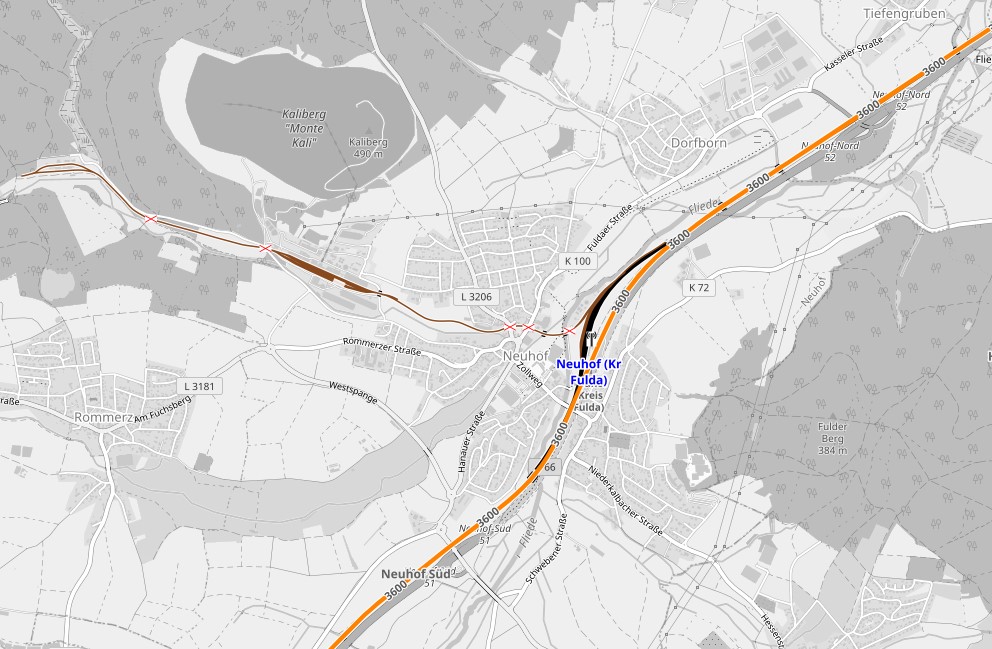 km 105,91 der Strecke Gießen 0,0 - Alsfeld (Oberhess) 60,21 - Fulda 105,91 | ||
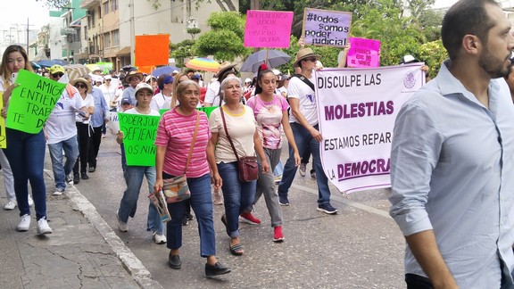 Tampico, Tamaulipas-Tras señalar que no se trata del presupuesto ni de fideicomisos, que no andan tras el hueso, sino que exigen autonomía, mil 200 ciudadanos y trabajadores del Poder Judicial marcharon hoy en Tampico, al grito de que es el único poder que no se vende.
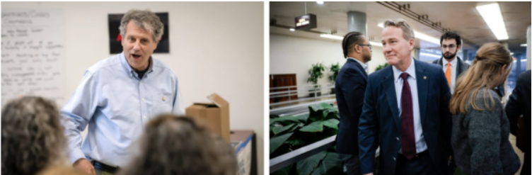 (左图)2024年11月4日,时任联邦参议员谢罗德‧布朗(Sherrod Brown,民主党/俄亥俄州)在俄亥俄州克利夫兰高地(Cleveland Heights)的一个竞选办公室向志愿者发表讲话。(右图)2025年2月18日,联邦参议员乔恩‧赫斯特德(Jon Husted,共和党/俄亥俄州)前往美国国会大厦投票。布朗在2024年的选举中落败,如今正试图取代赫斯特德,因为赫斯特德被州长迈克‧德瓦恩任命填补了副总统JD‧万斯留下的空缺。
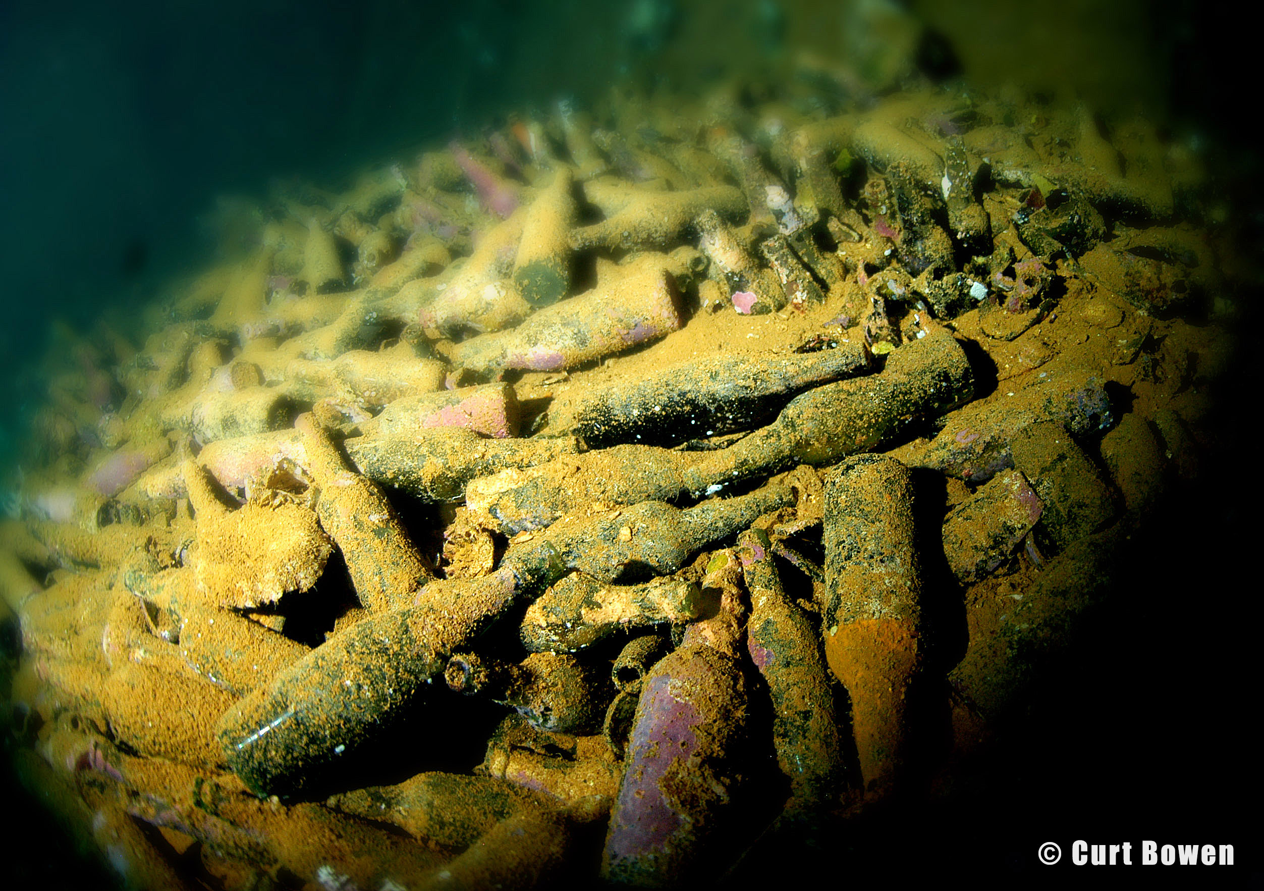 Above Right: Thousands of beer bottles scatter the second level of hold #5.

◆ AIM OF THE TASK: Once the pictures are set aside, give the rest of the listing again exactly.

◆ WRITTEN REPLY:
 km 105,91 der Strecke Gießen 0,0 - Alsfeld (Oberhess) 60,21 - Fulda 105,91 | ||
 Tampico, Tamaulipas-Tras señalar que no se trata del presupuesto ni de fideicomisos, que no andan tras el hueso, sino que exigen autonomía, mil 200 ciudadanos y trabajadores del Poder Judicial marcharon hoy en Tampico, al grito de que es el único poder que no se vende.
 (左图)2024年11月4日,时任联邦参议员谢罗德‧布朗(Sherrod Brown,民主党/俄亥俄州)在俄亥俄州克利夫兰高地(Cleveland Heights)的一个竞选办公室向志愿者发表讲话。(右图)2025年2月18日,联邦参议员乔恩‧赫斯特德(Jon Husted,共和党/俄亥俄州)前往美国国会大厦投票。布朗在2024年的选举中落败,如今正试图取代赫斯特德,因为赫斯特德被州长迈克‧德瓦恩任命填补了副总统JD‧万斯留下的空缺。
 Above Right: Thousands of beer bottles scatter the second level of hold #5.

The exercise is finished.